All pictures must be left out as you transcribe the lines from the first line of the data to the line containing "The sun-caressed terrace", both included.

________________________________________

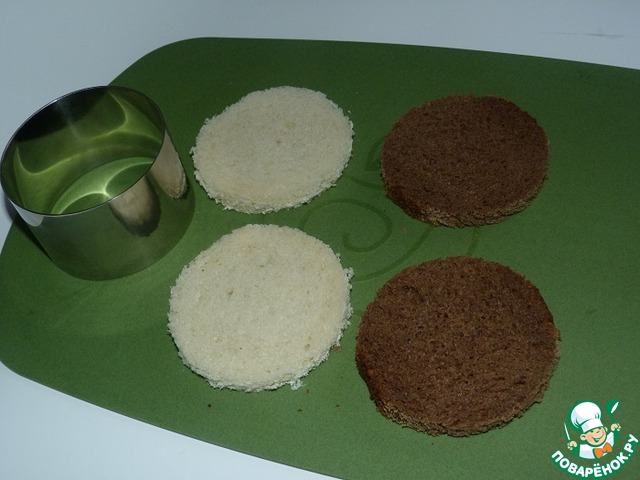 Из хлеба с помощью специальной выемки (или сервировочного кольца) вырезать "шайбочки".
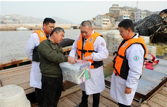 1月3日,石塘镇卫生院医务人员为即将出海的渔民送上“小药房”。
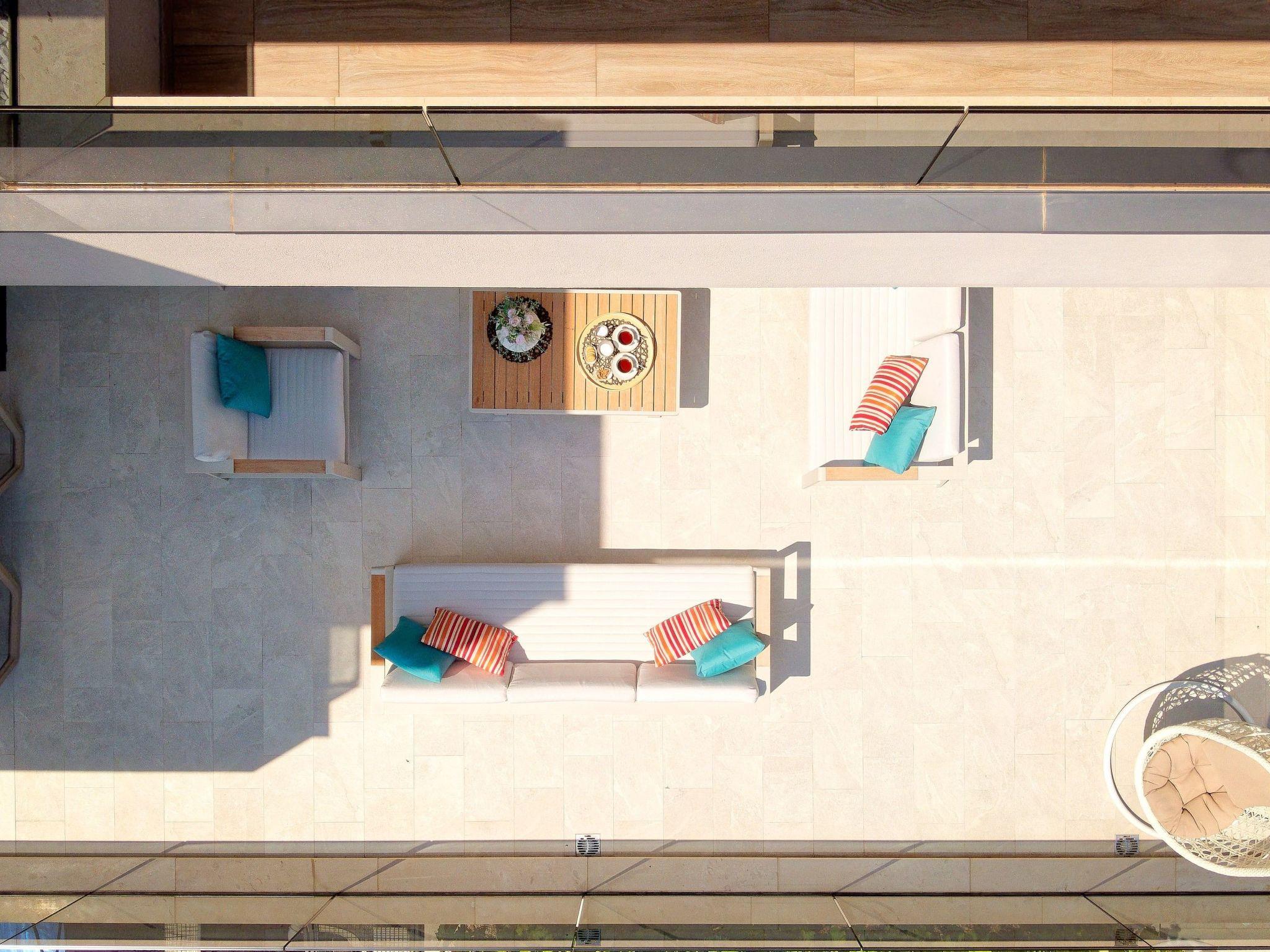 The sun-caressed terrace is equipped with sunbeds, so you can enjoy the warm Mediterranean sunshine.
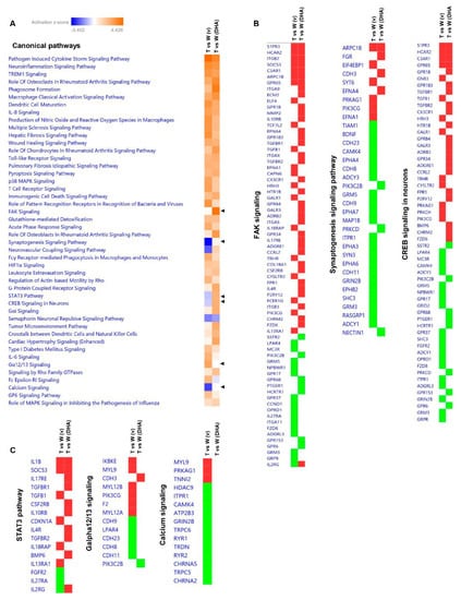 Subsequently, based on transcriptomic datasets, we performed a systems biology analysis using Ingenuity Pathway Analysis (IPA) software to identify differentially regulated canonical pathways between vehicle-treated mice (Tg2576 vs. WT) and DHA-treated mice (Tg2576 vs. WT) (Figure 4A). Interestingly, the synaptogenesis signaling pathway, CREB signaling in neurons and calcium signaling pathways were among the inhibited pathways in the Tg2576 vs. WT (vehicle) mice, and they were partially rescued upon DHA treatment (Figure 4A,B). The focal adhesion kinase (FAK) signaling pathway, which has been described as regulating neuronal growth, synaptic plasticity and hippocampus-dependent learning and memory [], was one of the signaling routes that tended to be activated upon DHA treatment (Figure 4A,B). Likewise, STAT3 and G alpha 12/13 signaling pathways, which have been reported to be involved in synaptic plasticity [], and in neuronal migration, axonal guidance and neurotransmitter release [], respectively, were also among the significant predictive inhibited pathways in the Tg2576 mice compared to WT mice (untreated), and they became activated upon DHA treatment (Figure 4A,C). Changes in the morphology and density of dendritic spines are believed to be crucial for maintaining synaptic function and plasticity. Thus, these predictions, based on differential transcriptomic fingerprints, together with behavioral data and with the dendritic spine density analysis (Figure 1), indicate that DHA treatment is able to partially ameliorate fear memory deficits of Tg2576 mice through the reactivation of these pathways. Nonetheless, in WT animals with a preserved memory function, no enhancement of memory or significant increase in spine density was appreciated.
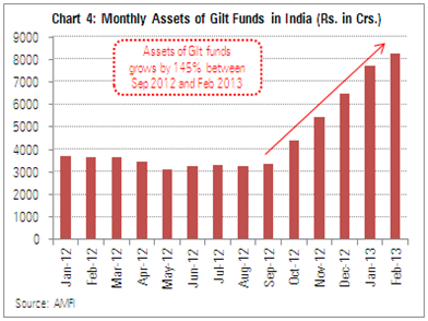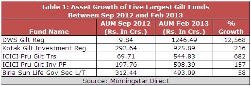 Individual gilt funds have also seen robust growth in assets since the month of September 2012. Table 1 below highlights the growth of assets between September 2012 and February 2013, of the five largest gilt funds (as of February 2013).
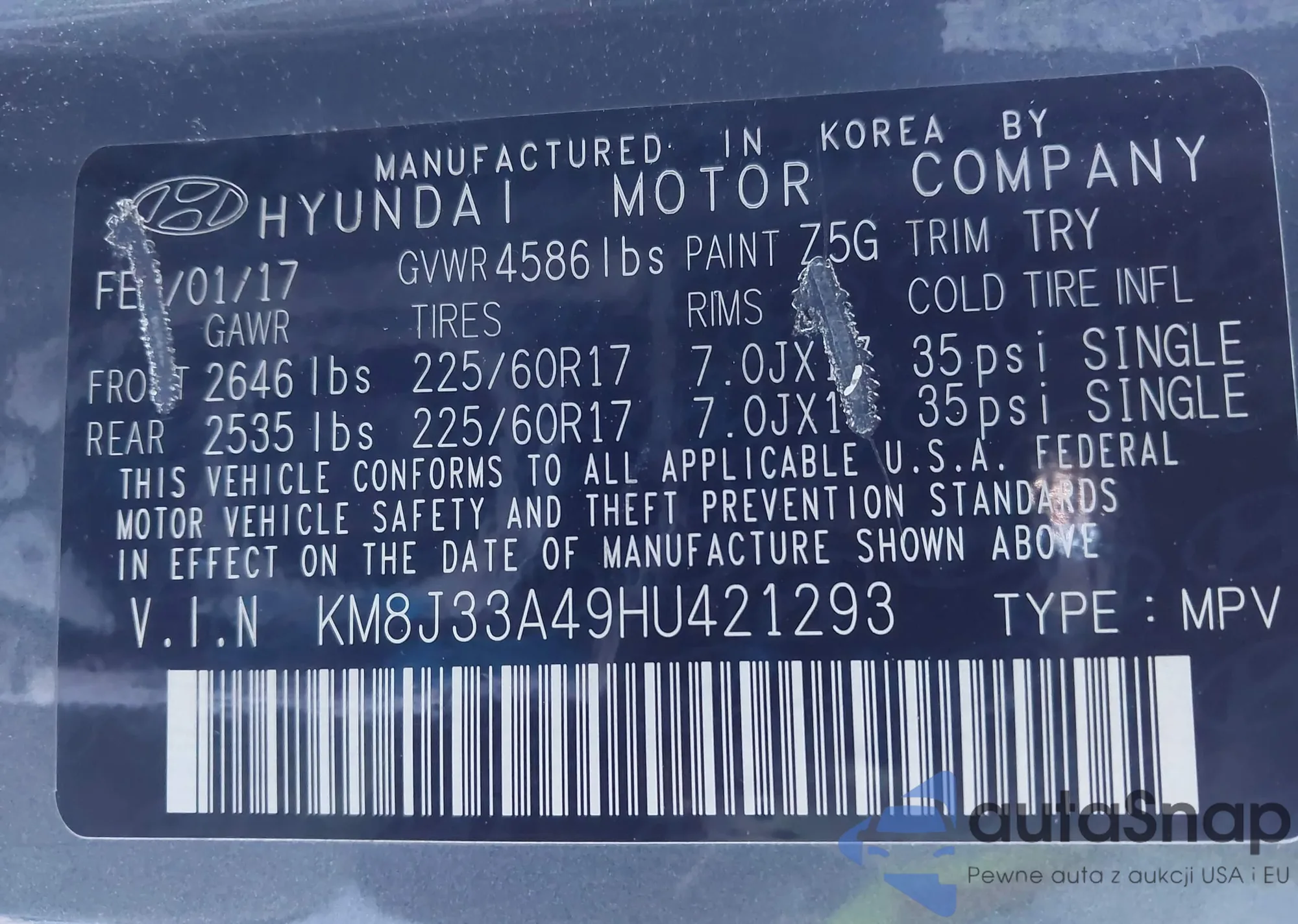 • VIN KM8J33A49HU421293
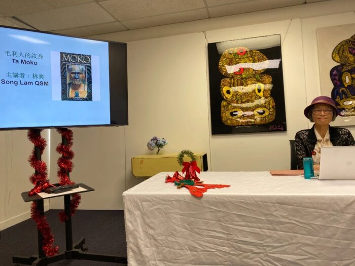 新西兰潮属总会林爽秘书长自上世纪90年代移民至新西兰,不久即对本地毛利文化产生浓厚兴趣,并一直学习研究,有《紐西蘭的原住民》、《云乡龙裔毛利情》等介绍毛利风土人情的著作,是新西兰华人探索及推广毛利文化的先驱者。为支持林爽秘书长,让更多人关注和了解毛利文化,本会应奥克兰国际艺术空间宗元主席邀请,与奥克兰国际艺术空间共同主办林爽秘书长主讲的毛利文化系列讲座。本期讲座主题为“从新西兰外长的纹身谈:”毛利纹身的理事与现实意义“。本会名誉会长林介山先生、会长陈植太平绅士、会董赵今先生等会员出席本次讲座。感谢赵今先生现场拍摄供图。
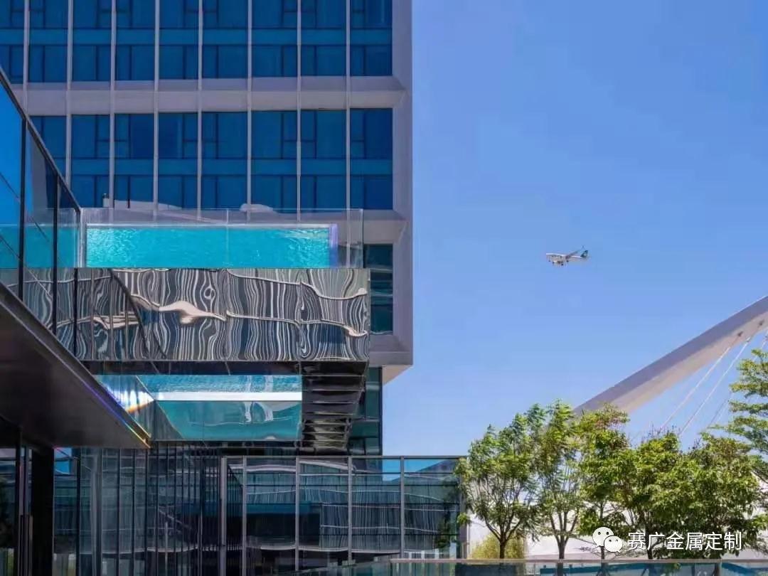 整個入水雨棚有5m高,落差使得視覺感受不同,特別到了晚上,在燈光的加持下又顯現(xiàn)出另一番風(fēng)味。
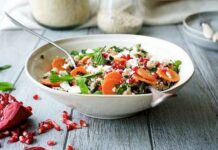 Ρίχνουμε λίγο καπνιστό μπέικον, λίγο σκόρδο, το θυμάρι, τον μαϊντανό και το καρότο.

________________________________________

Solution:
 Из хлеба с помощью специальной выемки (или сервировочного кольца) вырезать "шайбочки".
 1月3日,石塘镇卫生院医务人员为即将出海的渔民送上“小药房”。
 The sun-caressed terrace is equipped with sunbeds, so you can enjoy the warm Mediterranean sunshine.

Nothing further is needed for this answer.